Stored dataset items
————

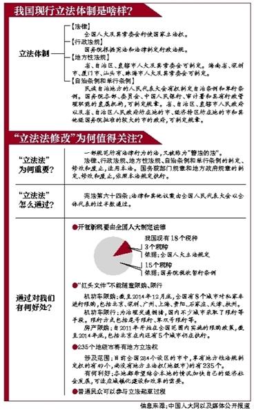 已经实施14年的立法法,去年进入修订程序。2014年8月和12月,全国人大常委会两次审议立法法修正案草案,本次大会将是草案的三审。
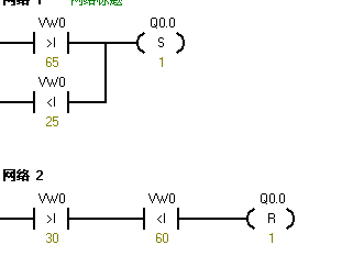 假設報警是Q0.0,那么就是在大于65或者小于25置位Q0.0,在大于30且小于60復位q0.0
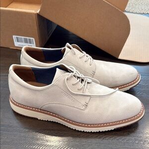 Some light wear on bottom from try ons but original box is missing and there is one small scuff. These Tommy Hilfiger Oxfords feature a sophisticated gray suede upper, offering a blend of classic style and modern elegance. The shoes boast a traditional lace-up closure and a low-profile silhouette, making them perfect for both formal and casual occasions. With their minimalist design and versatile color, they are an ideal addition to any wardrobe.
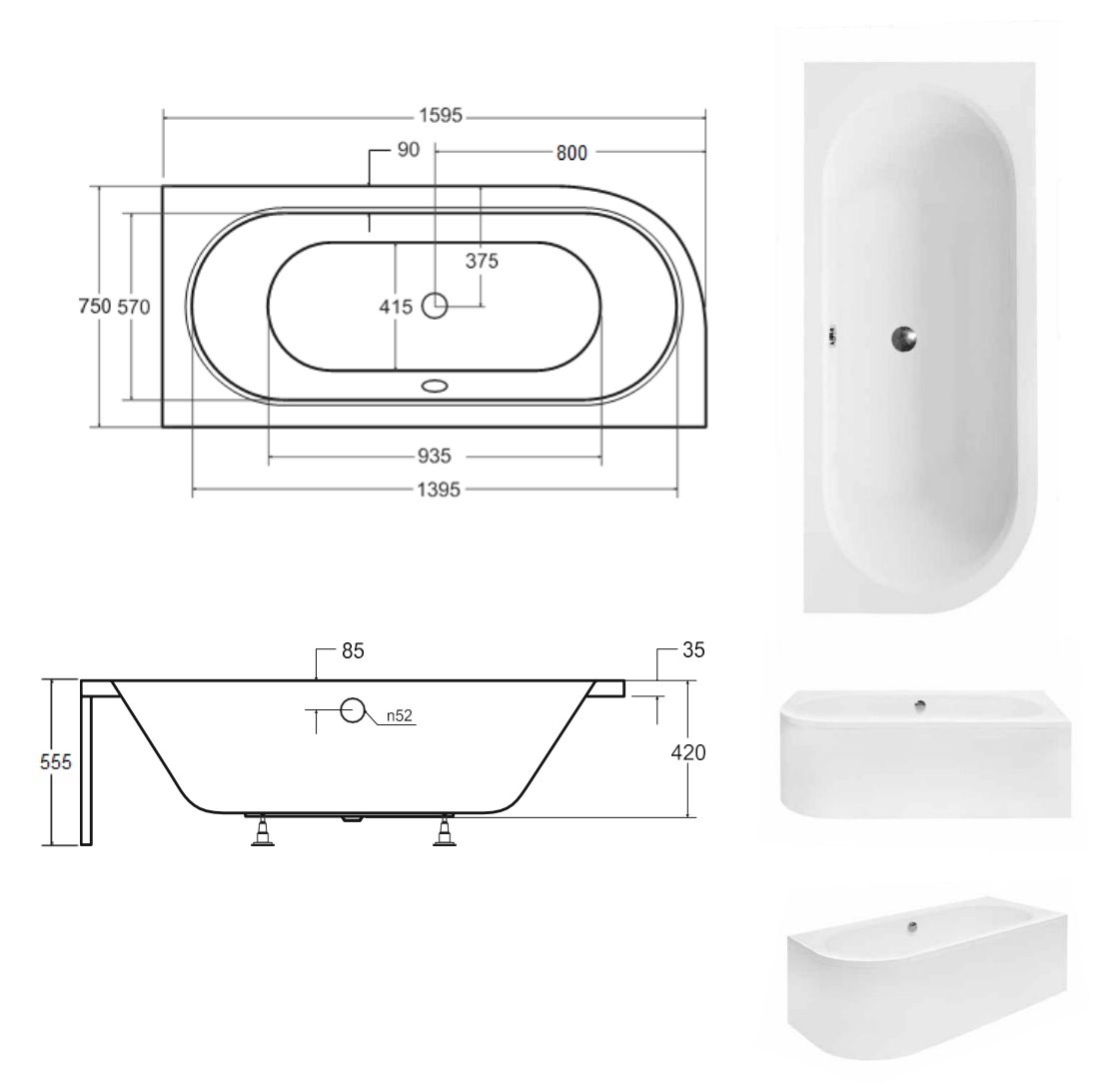 Opis produktu Biała ryflowana wanna asymetryczna akrylowa z obudową Avita Besco 160 cm Prawa
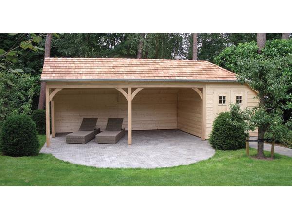 Deze constructies met grote zijluifel, opgebouwd met eiken palen, typeren zich aan hun afgeschuind zijdak. Dit zorgt voor een warm landelijk karakter. Naast de bergruimte heb je ook nog een zeer ruime zijluifel (tot 6m) opgebouwd met eiken plalen van 12x12 cm, ideaal te gebruiken als overdekt terras of buitenkeuken. De keuze ligt volledig bij jou.
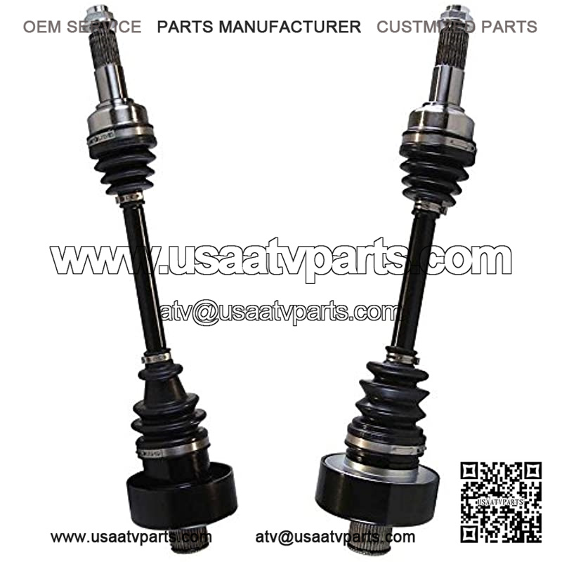 This package contains 2 rear CV axle shaft assemblies. Each 40CR steel axle shaft is assembled with molybdenum disulfide lithium grease and heavy gauge neoprene puncture resistant boots to increase performance and withstand extreme high and low temperatures.

————

## TO DO
Print, exactly as written, the lines above from the first one to the one containing "假設報警是Q0.0,那么就是". Leave out pictures.

## SOLUTION
 已经实施14年的立法法,去年进入修订程序。2014年8月和12月,全国人大常委会两次审议立法法修正案草案,本次大会将是草案的三审。
 假設報警是Q0.0,那么就是在大于65或者小于25置位Q0.0,在大于30且小于60復位q0.0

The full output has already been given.